Dragon NaturallySpeaking vs Microsoft Speech Recognition
I recently heard from a large reseller of Dragon NaturallySpeaking who thinks ScanSoft Nuance should start giving away Dragon NaturallySpeaking Preferred - as a response to the competitive threat from the next version of Microsoft speech recognition, to be released with Windows Vista. The theory being that now is the time to get the general market "hooked" on DNS. While it's certainly an easy approach to take, it suffers from a few problems.
Switching costs for non-macro versions of speech recognition systems are not very high; just a few minutes of training, and an import of custom vocabularies. The primary speech user interface remains essentially the same – more on this later. In other markets, competitors against Microsoft might be able to rely on users knee-jerk dislike of “M$”, but it doesn't appear that ScanSoft has earned any customer loyalty. The second problem is that speech recognition is one of the remaining product domains where quality really matters. 98% recognition accuracy might be great from a speech recognition research perspective, but it's really just not very good from a user's perspective. Lots of work still needs be done. And I expect a users will go towards the product with greater accuracy and more responsiveness.
Let me instead offer my own suggestions for how Nuance can compete.

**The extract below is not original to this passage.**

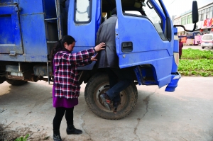 午后的乡间水泥路上,一辆蓝色的农用卡车驶来。伴随着一阵“嗡嗡”声,卡车停了下来,驾驶室内走出一名女子。她皮肤黝黑,身材不高,站在这辆“大家伙”面前,显得很弱小。这名女子手里拿着扳手,走到驾驶室的另一侧,熟门熟路地将扳手卡在前轮上。车门打开了,一名男子探身下车。这名男子看起来三十多岁,袖管却空荡荡的,这让他下车时会有些困难。女子躬身上前扶住男子,而男子则踩在这把扳手上,一步一步挪下车。
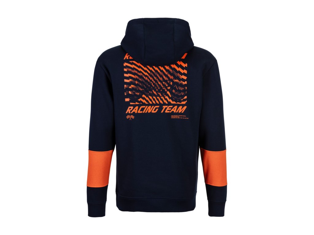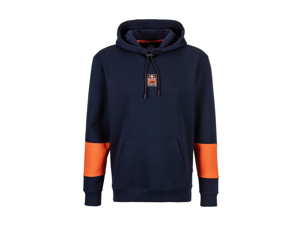 Voľnočasová mikina z oficiálnej kolekcie KTM Red Bull Racing. Tmavomodrá mikina s jedinečnou potlačou na zadnej strane. Logo tímu a farby.

Nuance needs to open up. While I understand that they have significant intellectual property protection issues, listening and talking to customers can only help. Allowing employees to have their own weblogs and to participate on online discussion forums would go a long way towards reducing the enmity many of its most active users feel towards the company. Microsoft has at least 5 speech based weblogs (Sprague WebLog, Robert Brown, SpeechLead, Jen's Weblog, Rob's Rhapsody). In contrast, the silence from Nuance is deafening.
And of course the product needs to be improved. Some of the needed changes are architectural; dictation support for Word and Rich Text edit controls is no longer sufficient. Certainly RTF had its use back in the day, but the world has moved on. Adding support for the Windows Text Services Framework would make it easier for application vendors to have built-in free support for speech recognition. Without this application vendors have a choice to make when developing their applications. If they support the TSF they automatically support Windows speech-recognition, tablet input, virtual keyboard input and whatever other devices Windows ends up supporting. Or they can build specifically for DNS - an easy choice I would think for any application vendor.

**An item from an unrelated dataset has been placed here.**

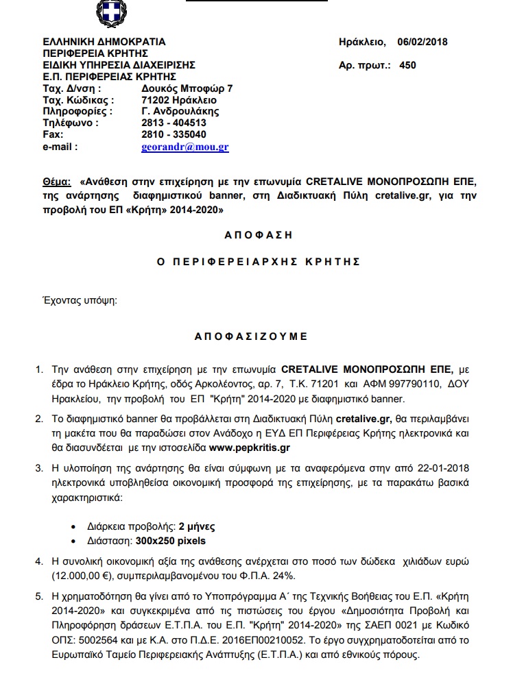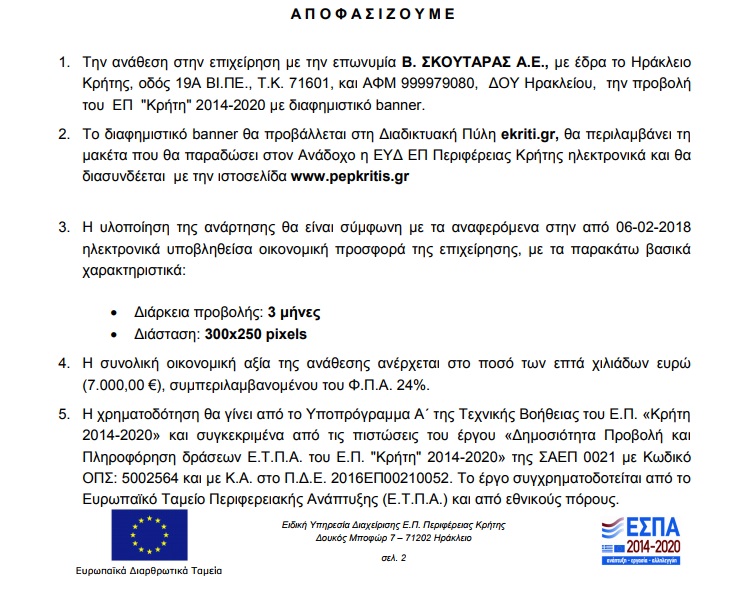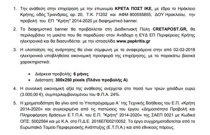 Στο Ράδιο Κρήτη, για προβολή σποτ για διάστημα 40 ημερών, 15.000 ευρώ.

The GUI needs improvement. This is well covered territory, but specifically the command browser is in desperate need of a mercy killing and I would follow up with a redesign for the DragonBar, throw in some new icons, and allow users to change the font size of the correction menu.
API - $2000 for the documentation of an ActiveX based API is just silly. This is an area where Nuance needs to meet Microsoft's pricing. With Windows Vista not only will users get a free speech recognition product, but developers will get a free speech API. A native .Net API, and more exposed functionality would help.
Innovation - this is needed on two different levels. Real improvements are needed in accuracy and responsiveness, but more than just Nuance need to take a lead in speech user interfaces. As I mentioned before the basic command structure for Dragon NaturallySpeaking and Microsoft Speech Recognition are quite similar. Users trained in one will really have no difficulty migrating to the other. But there's plenty of room for improvement in speech user interfaces.
Speech user interfaces, are in essence, the command line all over again - the user is expected to know in advance how to use the system.
One of the design philosophies at Applied Recognition is that the speech user interface is backed up with a graphical user interface - there's no need to guess what the command might be. In a sense this is a start towards an inductive user interface for speech. Innovation in this area from Nuance is needed to improve the user experience for its customers, and make it more difficult for its customers to switch to competing products.